WETTING A COMMISSION. Giving an entertainment to shipmates on receiving promotion.

WHALE. A general term for various marine animals of the order Cetacea, including the most colossal of all animated beings. From their general form and mode of life they are frequently confounded with fish, from which, however, they differ essentially in their organization, as they are warm-blooded, ascend to the surface to breathe air, produce their young alive, and suckle them, as do the land mammalia. The cetacea are divided into two sections:—1. Those having horny plates, called baleen, or "whalebone," growing from the palate instead of teeth, and including the [right whales] and [rorquals], or [finners] and [hump-backs] (see these terms). 2. Those having true teeth and no whalebone. To this group belong the sperm-whale, and the various forms of bottle-noses, black-fish, grampuses, narwhals, dolphins, porpoises, &c. To the larger species of many of these the term "whale" is often applied.

WHALE-BIRD. A beautiful little bird seen hovering in flocks over the Southern Ocean, in search of the small crustaceans which constitute their food.

WHALE-BOAT. A boat varying from 26 to 56 feet in length, and from 4 to 10 feet beam, sharp at both ends, and admirably adapted to the intended purpose, combining swiftness of motion, buoyancy, and stability.

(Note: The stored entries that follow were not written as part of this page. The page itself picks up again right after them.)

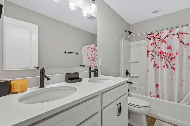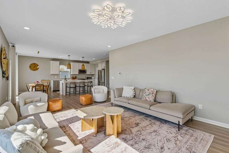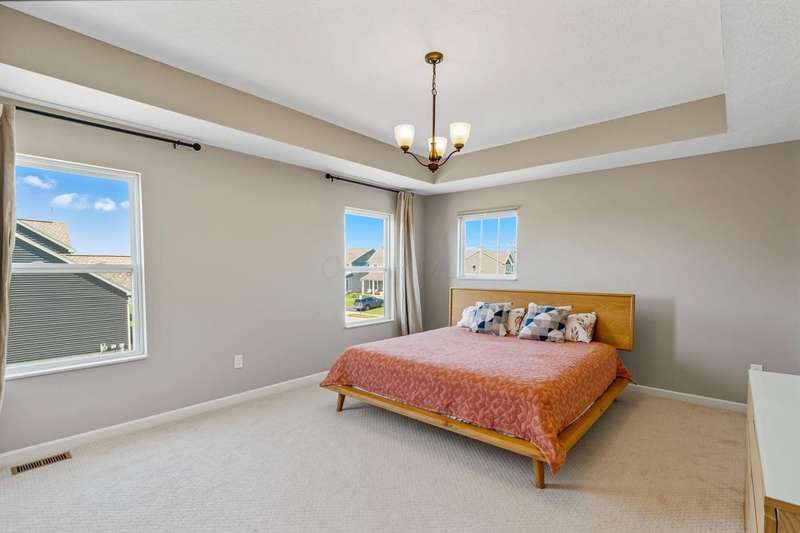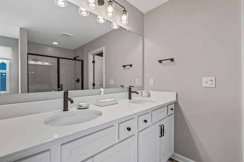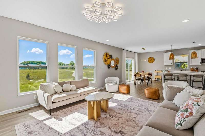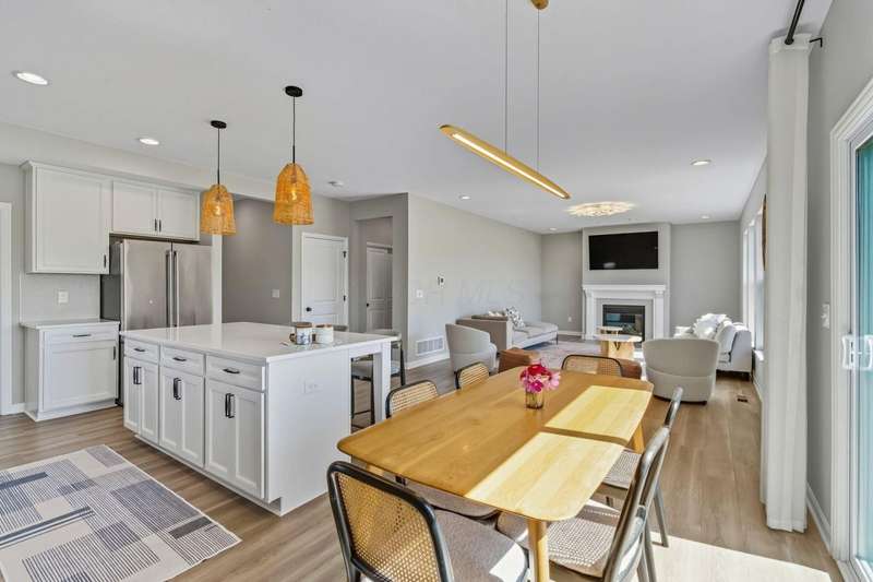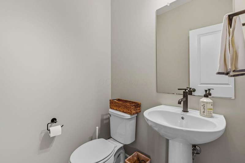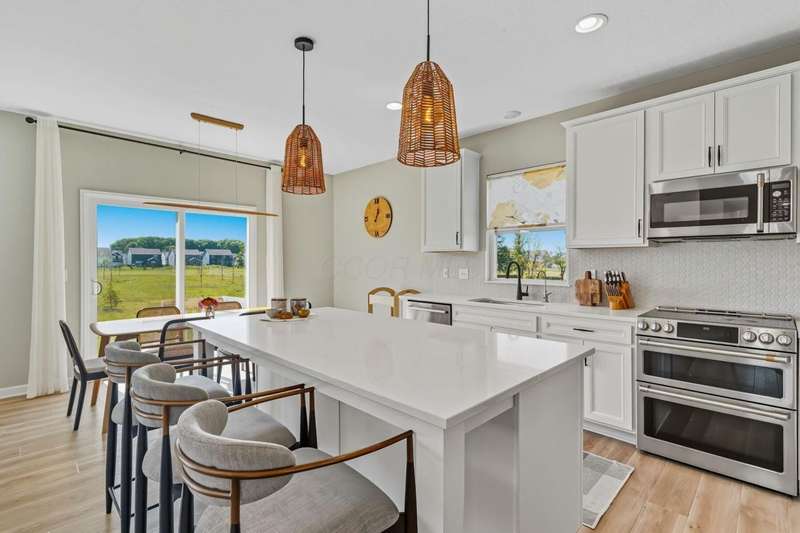 Better than new! Built in 2023, this 3BR/2.5BA home is situated on a NO OUTLET street and PREMIUM LOT with permanent, expansive greenspace for maximum privacy. This PRIME POWELL LOCATION is in the award winning Olentangy School District in Woodcrest Crossing. Designed with energy efficiency in mind! The craftsman elevation offers a beautiful, covered front porch with tapered columns and stone and shake shingle accents. Outside, enjoy the community walking/bike paths and exclusive access to the community swimming pool. Extensive upgrades include: custom appliances in the gourmet kitchen that features carrara marmi quartz counters, oversized island, upgraded cabinetry, hardware/faucets, tiled backsplash, coffee bar, and crown molding. Large walk in pantry with ample storage. The sun-dappled breakfast room opens to backyard via slider. First floor laundry with wash sink and first floor flex room/den/playroom/or office with french doors. Durable, impact resistant, and waterproof luxury vinyl plank flooring by Shaw completes the first floor living spaces. The family room is a perfect, sunlit entertaining space and is centered on a gas log fireplace. Upstairs features Portico Private Label carpeting. Expansive loft is a perfect playroom/movie/or lounge space and can be converted to a fourth bedroom as needed. Oversized owner's suite with tray ceiling is complemented by an upgraded en suite with dual vanity, tiled walk-in shower, and large closet. Full basement is well planned for easy finishing and includes plumbing for an additional full bath as needed. Garage has been equipped with 220v 30amp for charging needs. Fastidiously cared for and the definition of move in ready!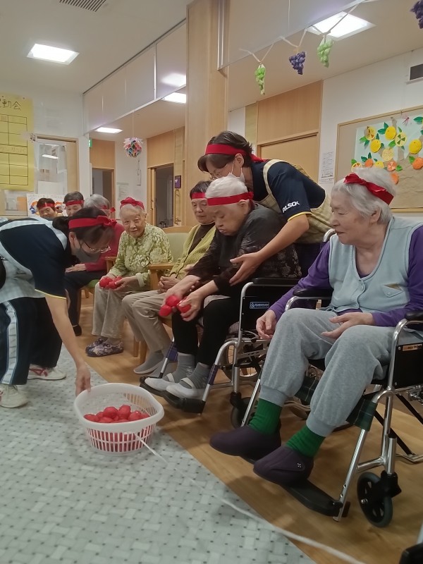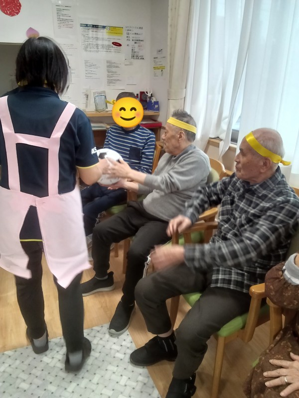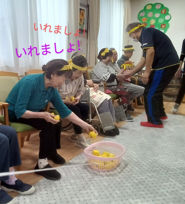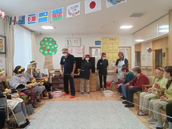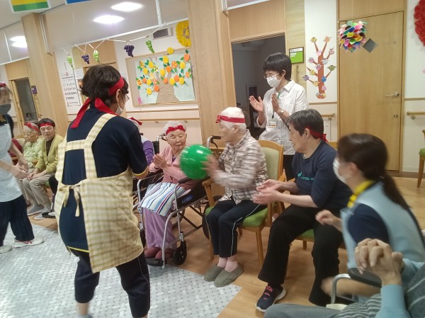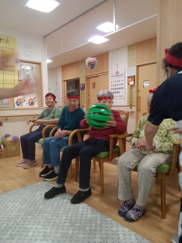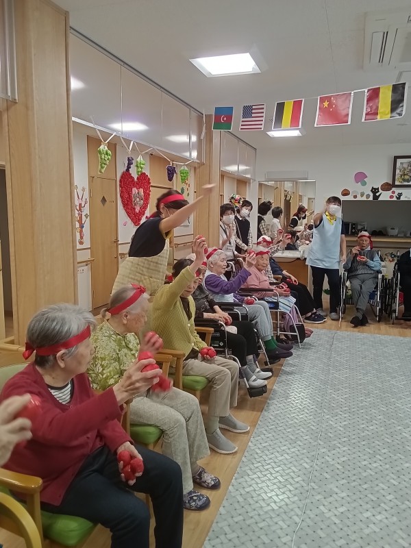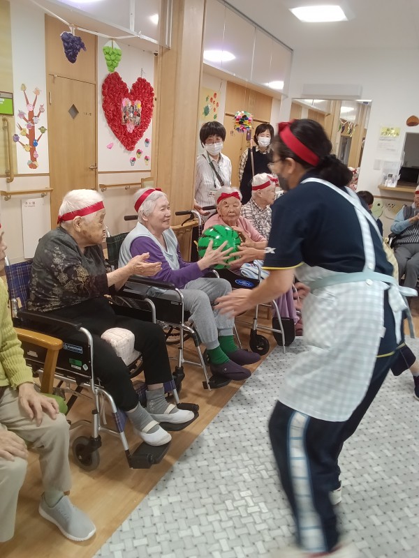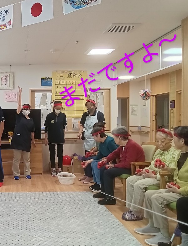 ご利用者様の選手宣誓後いよいよ、ミニ運動会のスタートです♪沢山の種目(玉入れ・ボール送り・マツケンサンバ・リレー・パン食い競争)に皆さんワクワク、ドキドキ????ですね(*^^*)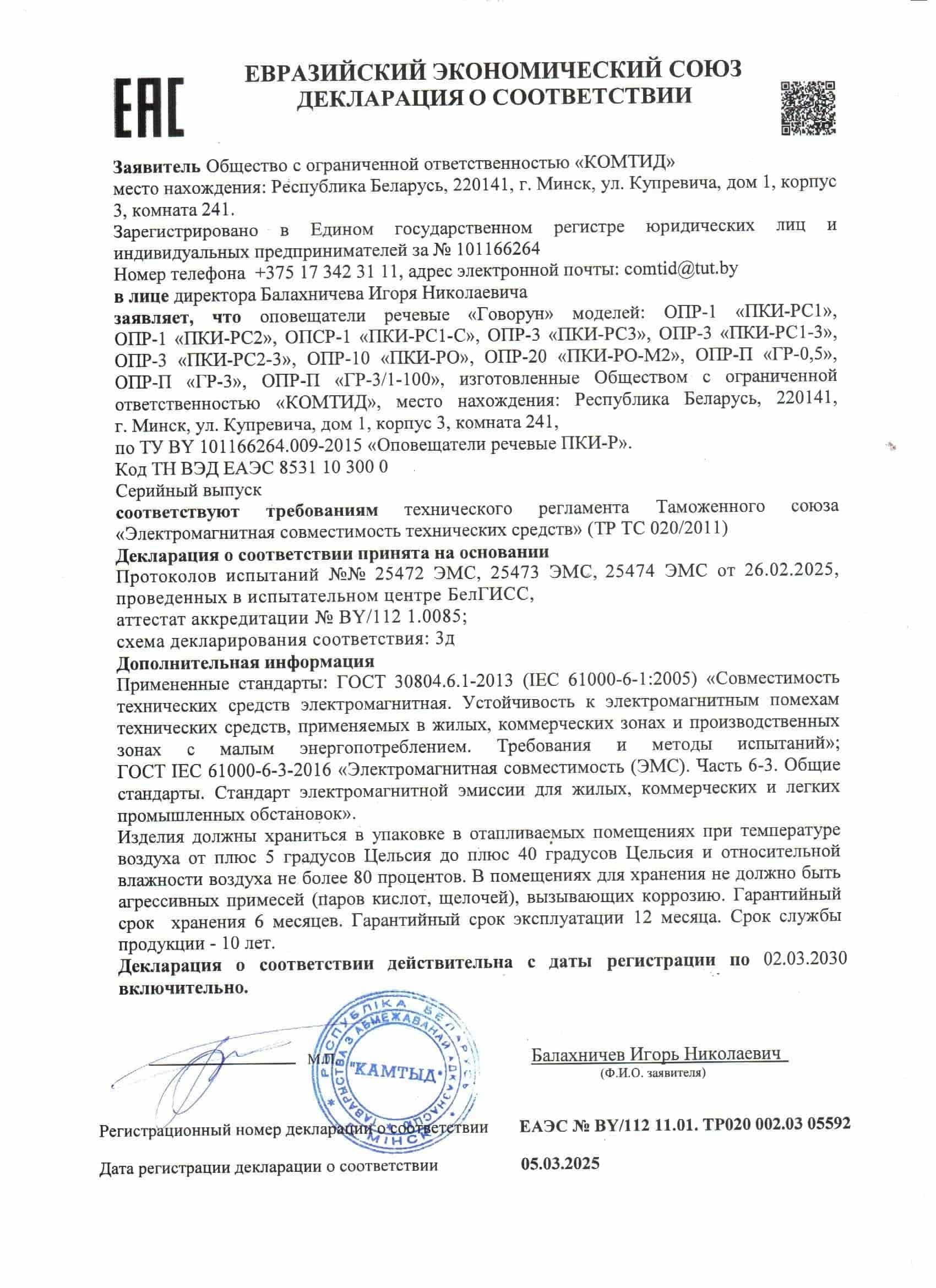 Характеристики."Говорун" ОПСР-1 "ПКИ-РС1-С".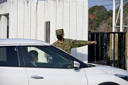 家宅捜索のため陸上自衛隊えびの駐屯地に入る捜査車両=29日午前、宮崎県えびの市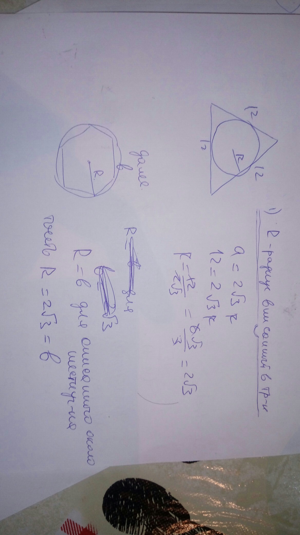 Около окружности описан равносторонний треугольник и в нее вписан правильный шестиугольник . найдите стороны шестиугольника . если сторона треугольника 12м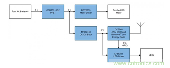 電機(jī)驅(qū)動器:驅(qū)動電流、電源電壓范圍、負(fù)載電機(jī)類型和安全關(guān)閉功能都是選擇電機(jī)驅(qū)動器時的因素。DRV8833可以驅(qū)動多種類型的電機(jī)和感性負(fù)載,峰值電流為2A,電源電壓范圍為2.7V至10.8V,非常適合使用四節(jié)AA電池。標(biāo)稱驅(qū)動電壓電池的電壓是5V。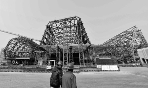 国家海洋博物馆主体钢结构基本完工 两名工作人员从国家海洋博物馆主体钢结构附近经过(4月5日摄) 近日,由中国建筑第八工程局有限公司施工的国家海洋博物馆主体钢结构基本完工,“鱼跃”外观初现雏形。新华社发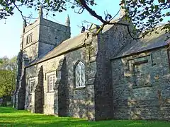 The present church is mid-Victorian, but there has been a Christian community in the village since at least the 6th century when Saint Brynach is believed to have come to the area. The parish includes a number of other settlements, particularly the village of Crymych and the hamlets of Glandwr and Pentre Galar.[10][11] In 1872 the parish covered 6,328 acres (2,561 ha).[12]

WHALE-CALF. The young whale.

WHALE-FISHERIES. The places at which the capture of whales, or "whale-fishery," is carried on. The principal are the coasts of Greenland and Davis Straits, for the northern right whale; Bermuda, for hump-backs; the Cape of Good Hope and the Australian seas, for the southern right whale; the North Pacific, for the Japanese right whale; and various places in the intertropical and southern seas, for the sperm-whale. But the constant persecution to which these animals are subjected causes a frequent change in their habitats. They have been nearly exterminated, or rendered so scarce as not to be worth following, in many districts where they formerly most abounded, and in order to make the trade remunerative, new grounds have to be continually sought. Maury's "whale charts" give much valuable information on this subject.

WHALER. A name for a vessel employed in the whale-fisheries.

WHALE'S FOOD. The name given in the North Sea to the Clio borealis, a well-known mollusk, on which whales feed.

WHANGERS, or Cod-whangers. Fish-curers of Newfoundland. An old term for a large sword.

WHAPPER. The largest of the turtle kind, attaining 7 or 8 cwts., off Ascension. [The name is supposed to be derived from guapa, Sp., grand or fine.] (See [Loggerhead].)